Data extracts:
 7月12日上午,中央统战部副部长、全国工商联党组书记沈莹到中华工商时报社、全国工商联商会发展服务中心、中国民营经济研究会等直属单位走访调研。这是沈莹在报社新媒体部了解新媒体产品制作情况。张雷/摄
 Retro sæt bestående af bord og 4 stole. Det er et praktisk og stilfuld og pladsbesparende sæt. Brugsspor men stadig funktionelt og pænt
...
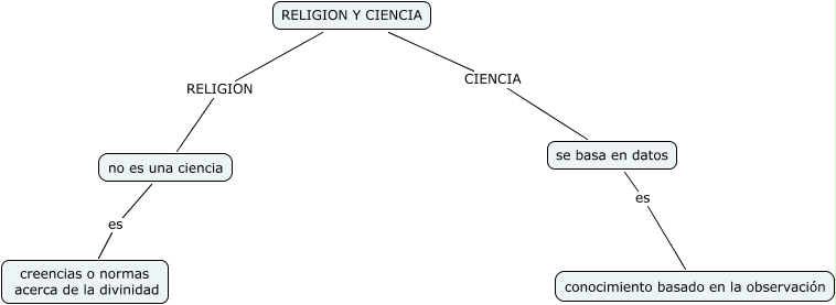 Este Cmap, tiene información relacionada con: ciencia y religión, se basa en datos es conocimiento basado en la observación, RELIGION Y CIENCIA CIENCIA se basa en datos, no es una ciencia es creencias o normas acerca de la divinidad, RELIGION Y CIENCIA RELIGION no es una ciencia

Problem: Beginning at the line with "7月12日上午,中央统战部副" and ending at the line with "Retro sæt bestående", reproduce each line of the data above exactly, and add no other lines.

Task solution:
 7月12日上午,中央统战部副部长、全国工商联党组书记沈莹到中华工商时报社、全国工商联商会发展服务中心、中国民营经济研究会等直属单位走访调研。这是沈莹在报社新媒体部了解新媒体产品制作情况。张雷/摄
 Retro sæt bestående af bord og 4 stole. Det er et praktisk og stilfuld og pladsbesparende sæt. Brugsspor men stadig funktionelt og pænt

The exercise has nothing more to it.